══ INPUT DATA ══

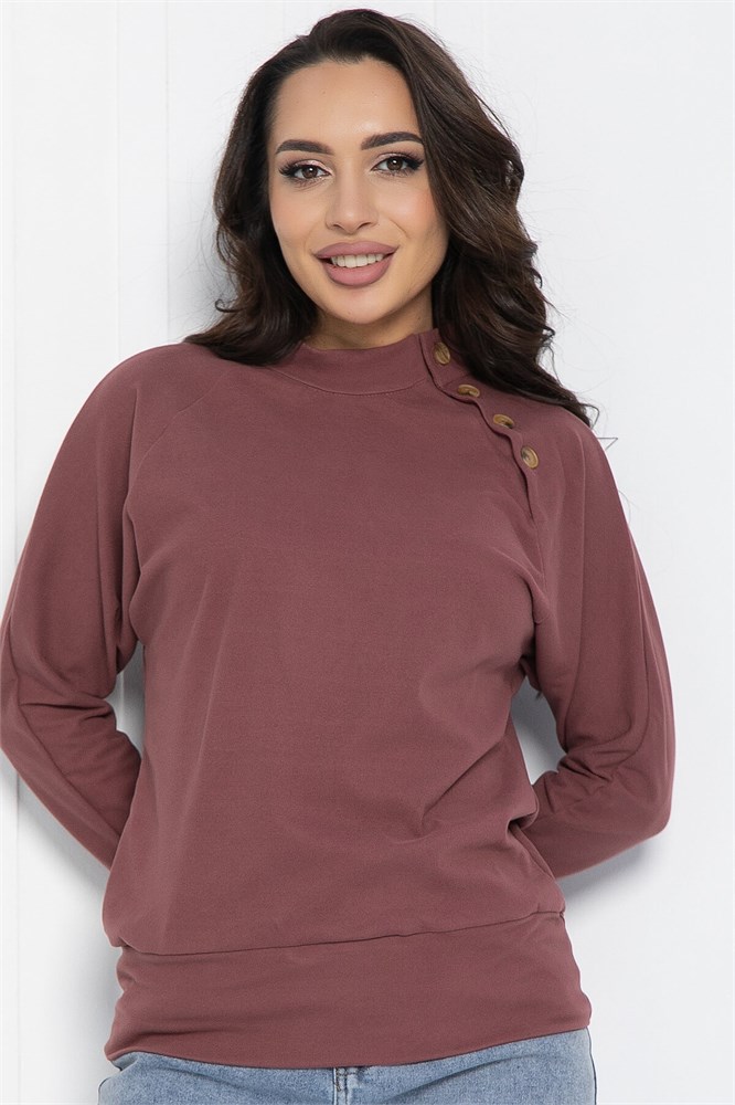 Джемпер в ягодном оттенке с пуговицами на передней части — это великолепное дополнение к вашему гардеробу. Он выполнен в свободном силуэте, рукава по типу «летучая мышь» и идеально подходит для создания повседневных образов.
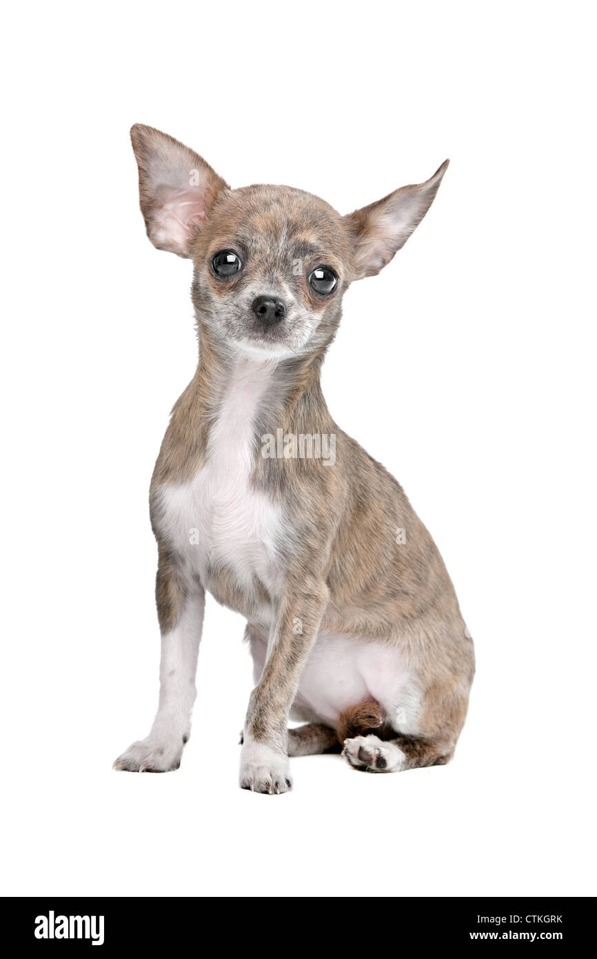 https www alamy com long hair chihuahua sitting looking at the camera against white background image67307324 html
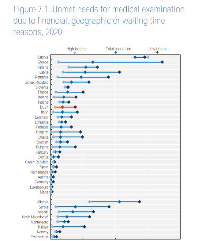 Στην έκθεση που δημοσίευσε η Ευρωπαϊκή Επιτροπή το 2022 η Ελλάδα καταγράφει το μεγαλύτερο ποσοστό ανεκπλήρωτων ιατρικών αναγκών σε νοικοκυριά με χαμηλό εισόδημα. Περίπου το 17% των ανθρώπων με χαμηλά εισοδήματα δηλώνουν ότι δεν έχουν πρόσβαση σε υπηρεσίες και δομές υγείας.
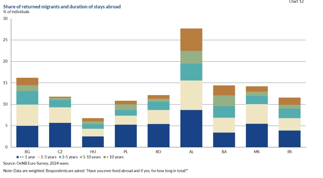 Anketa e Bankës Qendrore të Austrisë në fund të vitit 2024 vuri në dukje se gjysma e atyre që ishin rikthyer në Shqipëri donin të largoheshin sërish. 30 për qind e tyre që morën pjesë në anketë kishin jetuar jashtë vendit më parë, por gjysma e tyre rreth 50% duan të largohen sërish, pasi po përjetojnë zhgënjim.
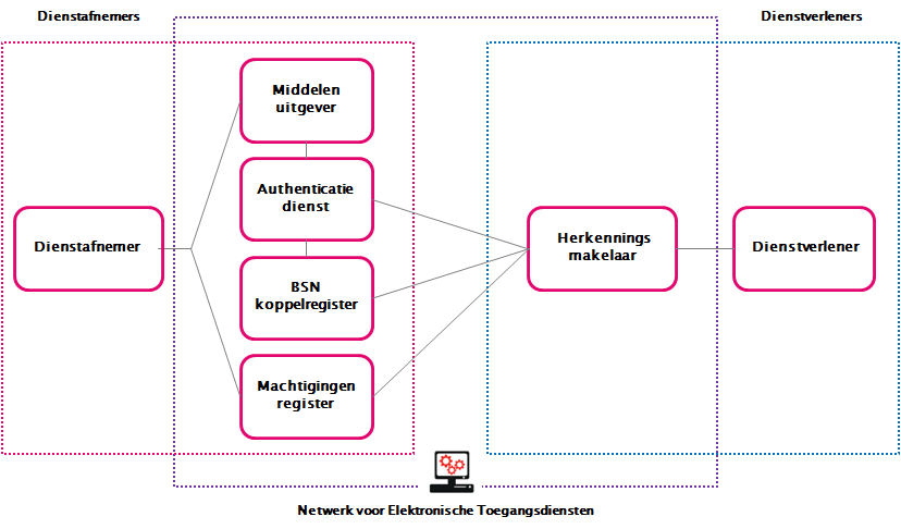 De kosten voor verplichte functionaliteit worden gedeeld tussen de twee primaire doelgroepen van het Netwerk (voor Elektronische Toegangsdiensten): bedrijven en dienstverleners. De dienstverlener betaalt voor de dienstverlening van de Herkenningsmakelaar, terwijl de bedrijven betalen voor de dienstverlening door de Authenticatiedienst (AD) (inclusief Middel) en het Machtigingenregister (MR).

═══

● **TO DO**
Without the pictures, give the entries above back exactly.

● **SOLUTION FOR THIS PROBLEM**
 Джемпер в ягодном оттенке с пуговицами на передней части — это великолепное дополнение к вашему гардеробу. Он выполнен в свободном силуэте, рукава по типу «летучая мышь» и идеально подходит для создания повседневных образов.
 https www alamy com long hair chihuahua sitting looking at the camera against white background image67307324 html
 Στην έκθεση που δημοσίευσε η Ευρωπαϊκή Επιτροπή το 2022 η Ελλάδα καταγράφει το μεγαλύτερο ποσοστό ανεκπλήρωτων ιατρικών αναγκών σε νοικοκυριά με χαμηλό εισόδημα. Περίπου το 17% των ανθρώπων με χαμηλά εισοδήματα δηλώνουν ότι δεν έχουν πρόσβαση σε υπηρεσίες και δομές υγείας.
 Anketa e Bankës Qendrore të Austrisë në fund të vitit 2024 vuri në dukje se gjysma e atyre që ishin rikthyer në Shqipëri donin të largoheshin sërish. 30 për qind e tyre që morën pjesë në anketë kishin jetuar jashtë vendit më parë, por gjysma e tyre rreth 50% duan të largohen sërish, pasi po përjetojnë zhgënjim.
 De kosten voor verplichte functionaliteit worden gedeeld tussen de twee primaire doelgroepen van het Netwerk (voor Elektronische Toegangsdiensten): bedrijven en dienstverleners. De dienstverlener betaalt voor de dienstverlening van de Herkenningsmakelaar, terwijl de bedrijven betalen voor de dienstverlening door de Authenticatiedienst (AD) (inclusief Middel) en het Machtigingenregister (MR).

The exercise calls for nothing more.